The estimated probabilities of 35-37 and 35+ are 0.156 and 0.212, respectively. This means even though the XXX's algorithm is the same as the current one, the likelihood of getting data as or more extreme than what was observed for 35-37 or for 37+ is quite big.

## Q5
Repeat the same procedure, but this time doing a joint test of both hypothesis (having more extreme values for BOTH 37+ and 35-37).
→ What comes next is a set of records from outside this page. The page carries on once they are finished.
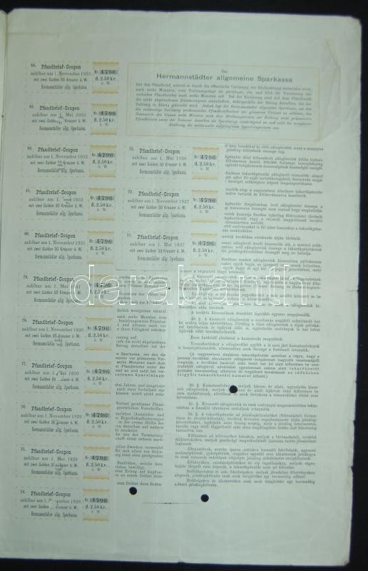 Description: Nagyszeben 1892. "Nagyszebeni Általános Takarékpénztár" Záloglevele 100Ft-ról német és magyar nyelven szelvényekkel és szárazpecséttel (kissé gyűrött,néhol szakadt)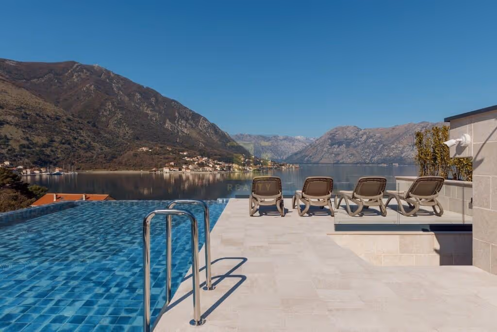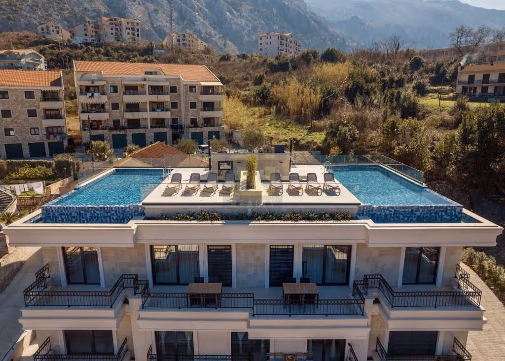 A luxurious new project in Dobrota, just 200m from the coast. The building features an infinity pool on the roof and offers beautiful views of the bay.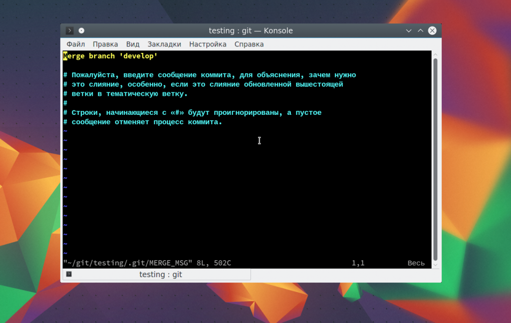 Чуть позже в рамках нашего курса настроим Git на использование другого редактора.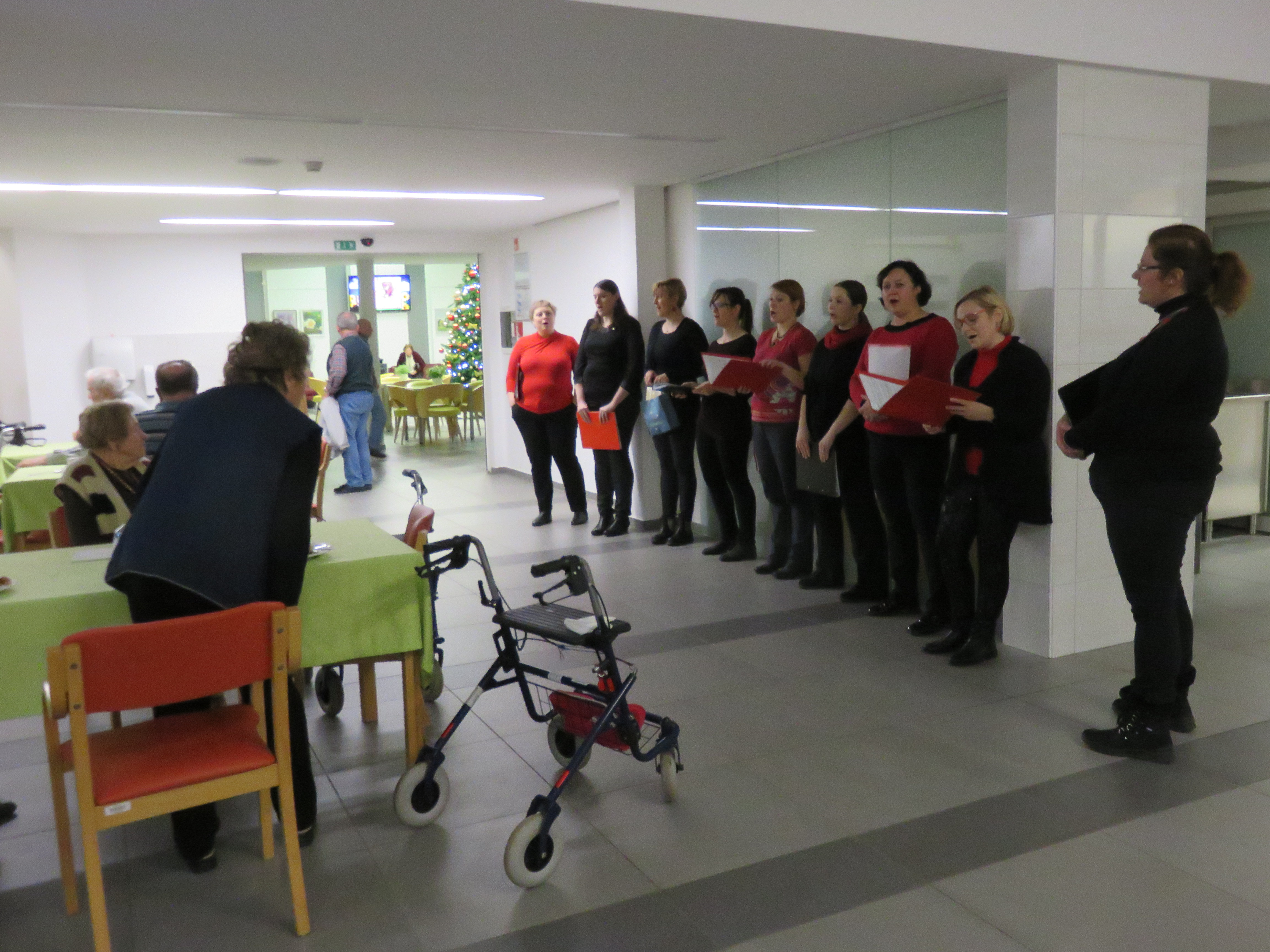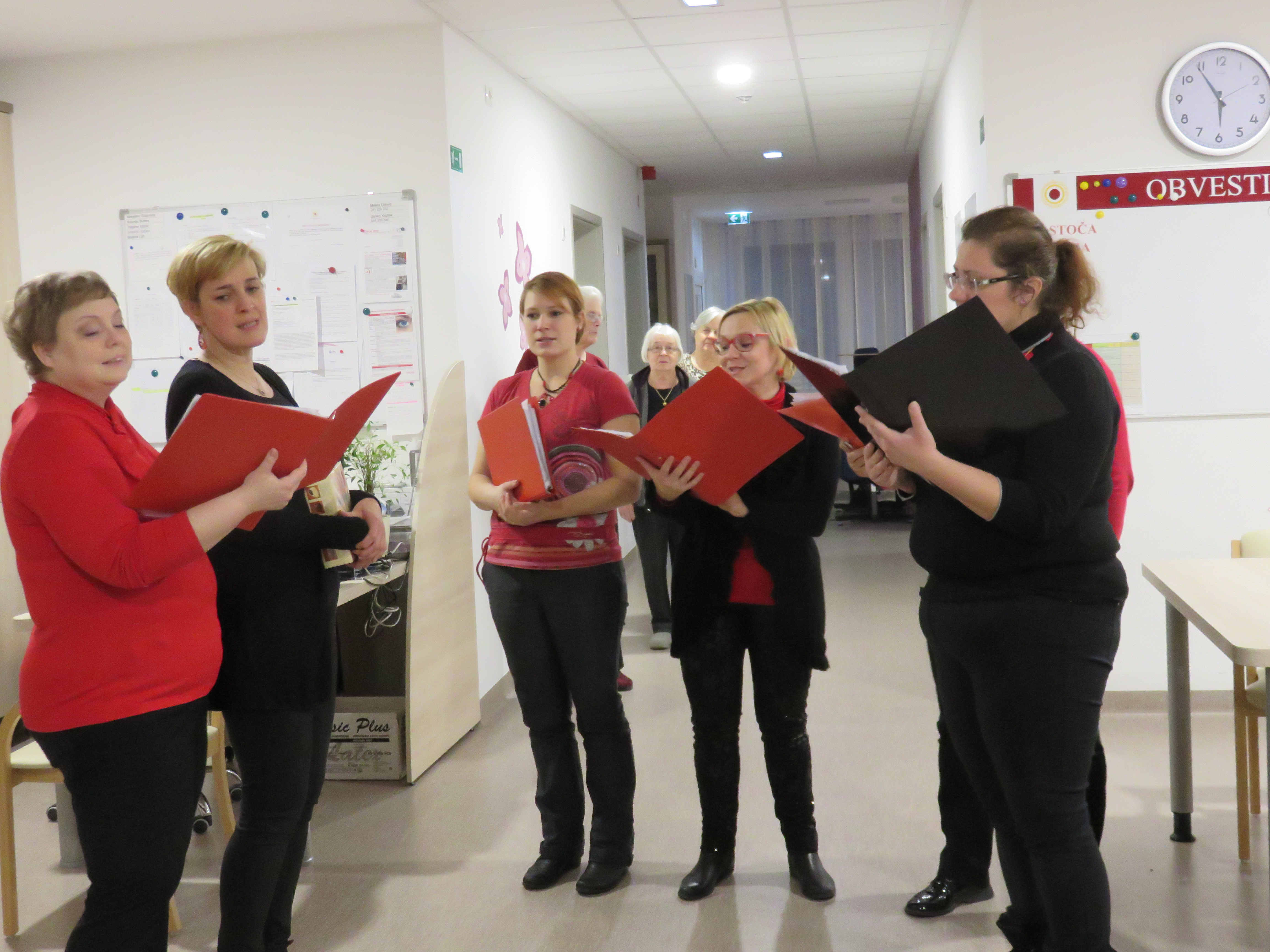Članice Vokalne skupine Mezzo, so s prepevanjem božičnih pesmi vnesle delček prazničnega vzdušja k prav vsakemu stanovalcu v našem domu, saj je njihovo petje po celem Domu dosegel prav vsako sobo.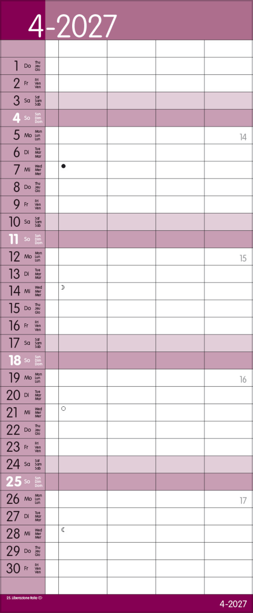 - Mehrsprachiges Kalendarium (d,e,f,i) mit regionalen Feiertagen für Deutschland, Österreich und Schweiz
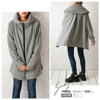 ビッグパーカーコート 裏起毛 ロング丈 ジップアップ レディース 大きめファスナー デカ襟 長袖 防寒 アウター 上着 フード付き フーディー 冬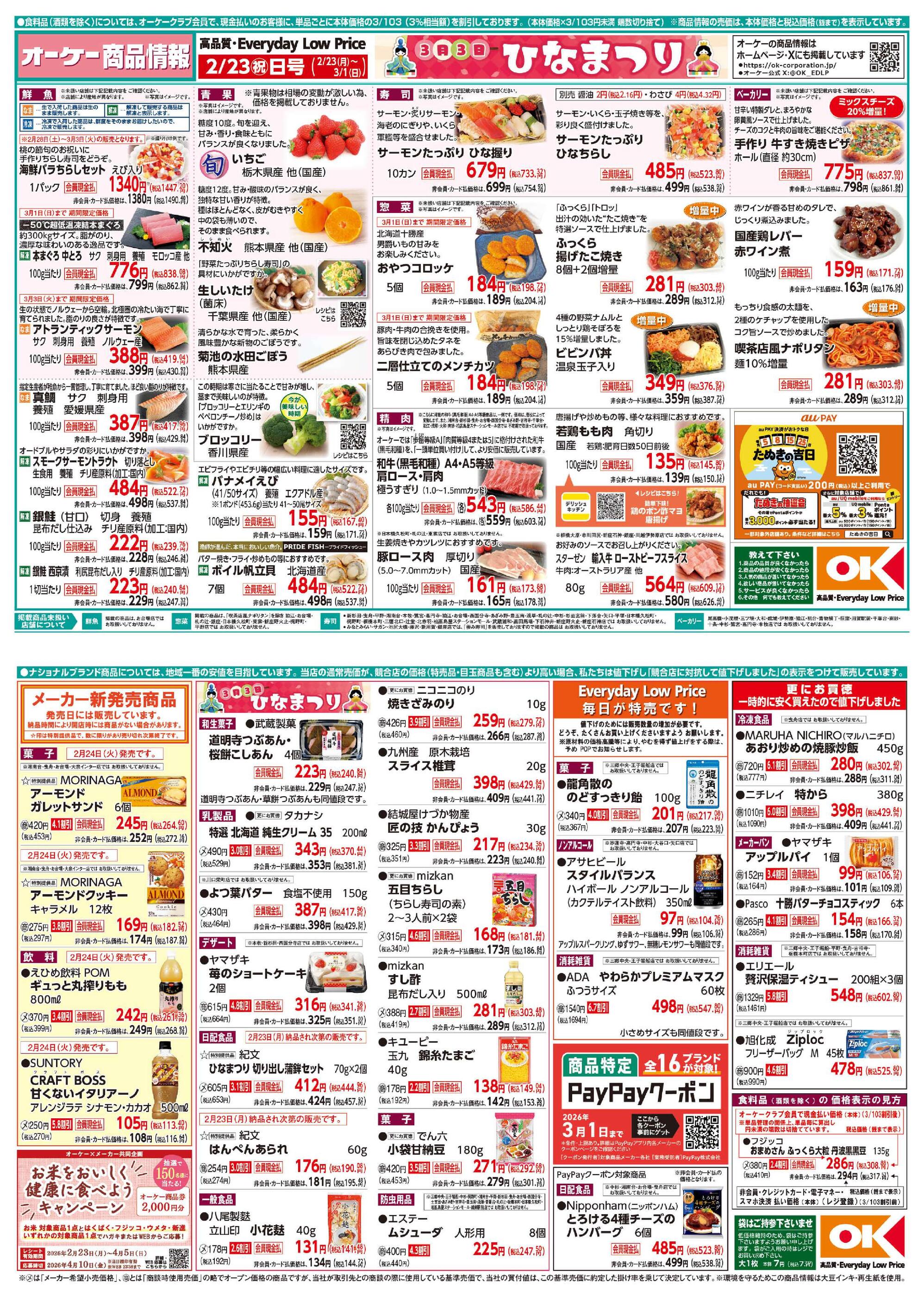 https://ok-corporation.jp/shop/tsujidouhatori.html - オーケー 商品情報紙(関東 2月23日号 PDFへの案内)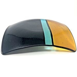 Colorful Fused Studio Art Glass Dish Gods Eye Abstract Turquoise Black Amber Signed Artist G. King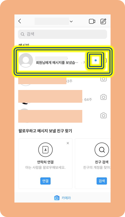평소 대화를 해봤거나 팔로우가 되어 있으면 저렇게 메세지가 와있다고 빨간색 표시가 있을 거에요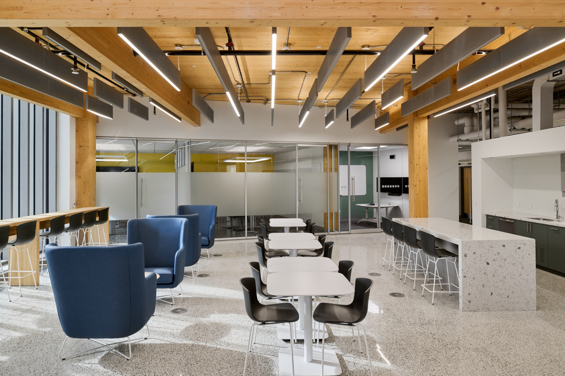 Beyond sustainability, another key objective was to create a beautiful and welcoming workplace for administrative and field staff. With abundant natural light, tall ceilings, and large open spaces, the design emphasizes comfort and productivity. The Operations Centre is a true multi-purpose facility – in addition to office space, it features bench seating areas, flexible workspaces, specialized technical training rooms, an industrial facility and warehouse and a five-acre operations yard.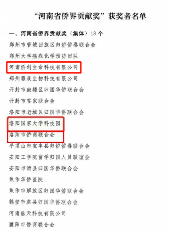 我會(huì)常務(wù)副會(huì)長(zhǎng)單位河南僑創(chuàng)生命科技有限公司喜獲“河南省僑界貢獻(xiàn)獎(jiǎng)”先進(jìn)集體榮譽(yù)。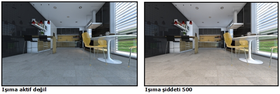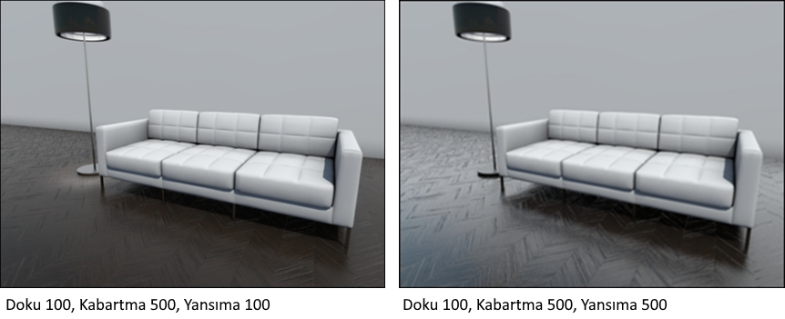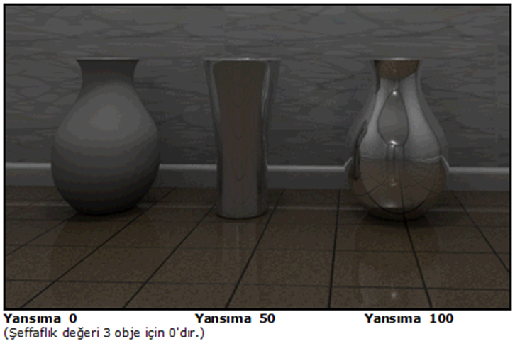 Değer ![]() 0-100 arası değer girilebilir. ![]() Cam, parke ve seramik gibi malzemelerin yansıma özellikleri vardır. |

What is the relationship between the tests?

In [9]:
pos = 0
for i in range(1000):
    simlist = trucksim(4989, d)
    accu1 = sum([x == '35-37' for x in simlist])
    accu2 = sum([x == '37+' for x in simlist])
    if accu1 >= 368 and  accu2 >= 108:
        pos += 1
float(pos) / 1000

0.03

The estimated probability of the joint test is 0.03. This means if the XXX's algorithm is not better than the current one, the likelihood of getting data as or more extreme than what was observed for both 35-37 and 37+ is only 0.03, which is quite unlikely. Therefore, we have enough evidence to reject the null hypothesis and could come to the conclusion that the XXX's algorithm is better than the current one.

## Q6
What are the strengths and weaknesses of this method? What do you conclude about XXX’s algorithm?
  
**Bootstrap**
  
Strength: We are able to perform the simulation when we don't have a ton of data and don't know the underlying distribution.
  
Weakness: The sample we used to bootstrap from might not be representative of population, which might lead to inaccurate result.

**Monte-Carlo**
  
Strength: We can estimate a statistic with process certainty when direct calculating is difficult or impossible.
  
Weakness: we need to know the underlying distribution.
  
Since the joint test has a type I error of 0.05, and the sum of type I error of two individual tests is larger than 0.05, so we should trust the joint test. We conclude that the XXX's algorithm is better than the current one from the analysis above.